Work instruction
Lines from the one with "在调研座谈之前,邱勇参观了稳" to the end of the material, both included: print them exactly and print nothing else. Omit the pictures.
The data section start
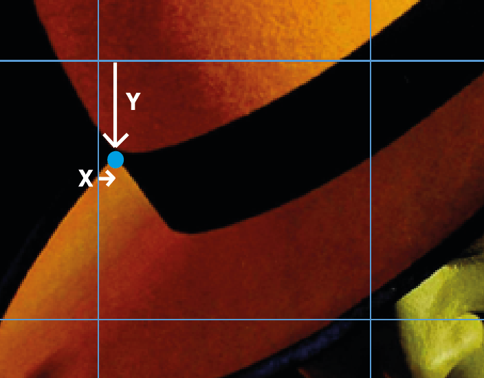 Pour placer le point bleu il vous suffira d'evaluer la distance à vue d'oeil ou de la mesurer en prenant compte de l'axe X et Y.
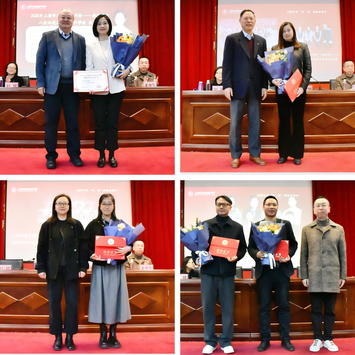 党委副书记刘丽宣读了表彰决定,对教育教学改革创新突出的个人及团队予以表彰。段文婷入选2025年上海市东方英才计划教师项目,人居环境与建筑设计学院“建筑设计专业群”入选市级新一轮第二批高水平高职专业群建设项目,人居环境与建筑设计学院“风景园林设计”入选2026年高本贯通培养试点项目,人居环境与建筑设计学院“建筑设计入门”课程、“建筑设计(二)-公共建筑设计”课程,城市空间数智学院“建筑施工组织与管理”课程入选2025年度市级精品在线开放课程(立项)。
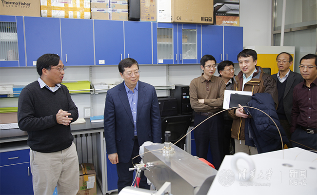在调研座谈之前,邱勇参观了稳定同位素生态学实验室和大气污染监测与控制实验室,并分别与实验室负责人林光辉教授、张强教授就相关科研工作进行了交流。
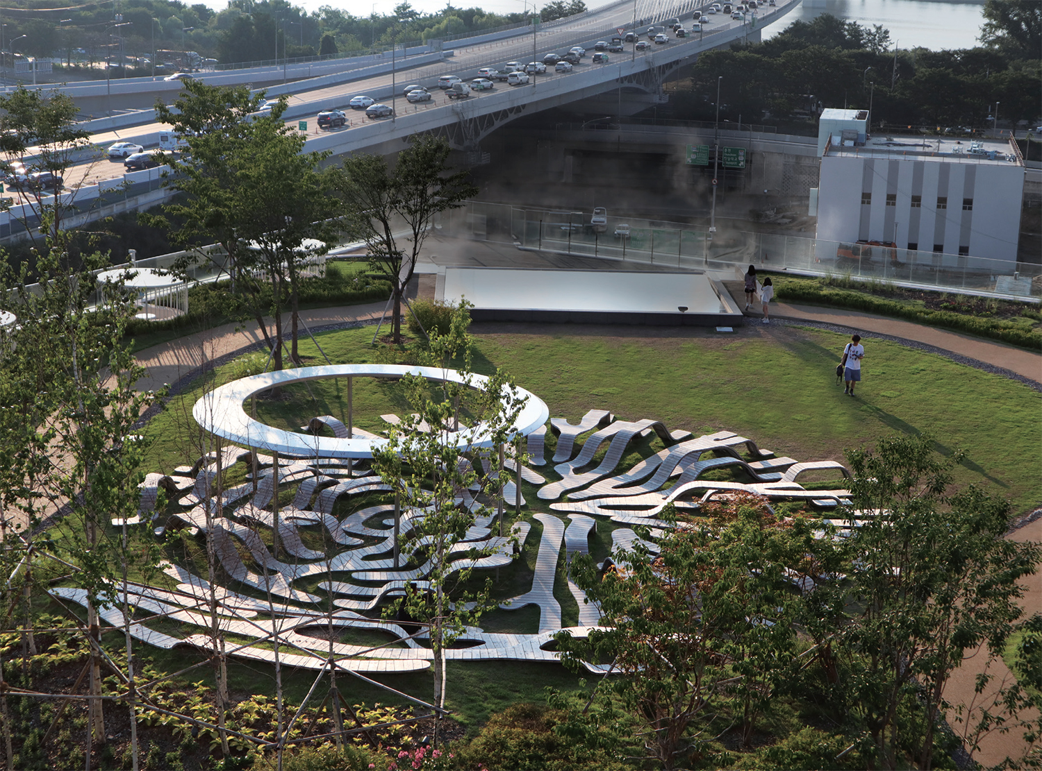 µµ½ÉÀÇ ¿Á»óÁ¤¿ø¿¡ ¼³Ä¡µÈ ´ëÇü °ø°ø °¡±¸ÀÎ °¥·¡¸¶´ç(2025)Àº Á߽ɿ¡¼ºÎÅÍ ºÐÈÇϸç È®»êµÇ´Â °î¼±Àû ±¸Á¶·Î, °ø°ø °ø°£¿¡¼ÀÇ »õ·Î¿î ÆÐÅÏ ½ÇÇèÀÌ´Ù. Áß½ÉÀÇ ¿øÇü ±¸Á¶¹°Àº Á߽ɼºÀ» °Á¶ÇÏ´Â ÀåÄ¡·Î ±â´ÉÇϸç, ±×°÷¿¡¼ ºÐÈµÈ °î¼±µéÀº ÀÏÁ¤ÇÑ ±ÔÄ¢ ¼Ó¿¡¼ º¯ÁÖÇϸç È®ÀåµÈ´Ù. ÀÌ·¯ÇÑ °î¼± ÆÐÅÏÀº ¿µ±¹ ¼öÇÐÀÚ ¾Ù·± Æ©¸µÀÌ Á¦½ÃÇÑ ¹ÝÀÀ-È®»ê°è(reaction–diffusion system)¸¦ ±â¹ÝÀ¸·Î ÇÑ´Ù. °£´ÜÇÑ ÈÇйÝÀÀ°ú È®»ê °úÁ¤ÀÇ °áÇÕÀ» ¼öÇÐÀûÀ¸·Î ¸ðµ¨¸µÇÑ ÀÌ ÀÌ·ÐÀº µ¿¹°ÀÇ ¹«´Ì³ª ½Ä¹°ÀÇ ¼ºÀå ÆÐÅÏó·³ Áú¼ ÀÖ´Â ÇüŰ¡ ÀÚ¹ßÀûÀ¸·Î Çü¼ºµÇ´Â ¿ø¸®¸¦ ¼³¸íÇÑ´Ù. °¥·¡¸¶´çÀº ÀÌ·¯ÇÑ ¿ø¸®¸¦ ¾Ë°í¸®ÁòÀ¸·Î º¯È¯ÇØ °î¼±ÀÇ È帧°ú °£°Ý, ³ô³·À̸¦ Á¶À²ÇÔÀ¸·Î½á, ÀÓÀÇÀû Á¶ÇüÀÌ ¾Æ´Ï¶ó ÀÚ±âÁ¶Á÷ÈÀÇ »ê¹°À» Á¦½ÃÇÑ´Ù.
The data section end
Task response
在调研座谈之前,邱勇参观了稳定同位素生态学实验室和大气污染监测与控制实验室,并分别与实验室负责人林光辉教授、张强教授就相关科研工作进行了交流。
 µµ½ÉÀÇ ¿Á»óÁ¤¿ø¿¡ ¼³Ä¡µÈ ´ëÇü °ø°ø °¡±¸ÀÎ °¥·¡¸¶´ç(2025)Àº Á߽ɿ¡¼ºÎÅÍ ºÐÈÇϸç È®»êµÇ´Â °î¼±Àû ±¸Á¶·Î, °ø°ø °ø°£¿¡¼ÀÇ »õ·Î¿î ÆÐÅÏ ½ÇÇèÀÌ´Ù. Áß½ÉÀÇ ¿øÇü ±¸Á¶¹°Àº Á߽ɼºÀ» °Á¶ÇÏ´Â ÀåÄ¡·Î ±â´ÉÇϸç, ±×°÷¿¡¼ ºÐÈµÈ °î¼±µéÀº ÀÏÁ¤ÇÑ ±ÔÄ¢ ¼Ó¿¡¼ º¯ÁÖÇϸç È®ÀåµÈ´Ù. ÀÌ·¯ÇÑ °î¼± ÆÐÅÏÀº ¿µ±¹ ¼öÇÐÀÚ ¾Ù·± Æ©¸µÀÌ Á¦½ÃÇÑ ¹ÝÀÀ-È®»ê°è(reaction–diffusion system)¸¦ ±â¹ÝÀ¸·Î ÇÑ´Ù. °£´ÜÇÑ ÈÇйÝÀÀ°ú È®»ê °úÁ¤ÀÇ °áÇÕÀ» ¼öÇÐÀûÀ¸·Î ¸ðµ¨¸µÇÑ ÀÌ ÀÌ·ÐÀº µ¿¹°ÀÇ ¹«´Ì³ª ½Ä¹°ÀÇ ¼ºÀå ÆÐÅÏó·³ Áú¼ ÀÖ´Â ÇüŰ¡ ÀÚ¹ßÀûÀ¸·Î Çü¼ºµÇ´Â ¿ø¸®¸¦ ¼³¸íÇÑ´Ù. °¥·¡¸¶´çÀº ÀÌ·¯ÇÑ ¿ø¸®¸¦ ¾Ë°í¸®ÁòÀ¸·Î º¯È¯ÇØ °î¼±ÀÇ È帧°ú °£°Ý, ³ô³·À̸¦ Á¶À²ÇÔÀ¸·Î½á, ÀÓÀÇÀû Á¶ÇüÀÌ ¾Æ´Ï¶ó ÀÚ±âÁ¶Á÷ÈÀÇ »ê¹°À» Á¦½ÃÇÑ´Ù.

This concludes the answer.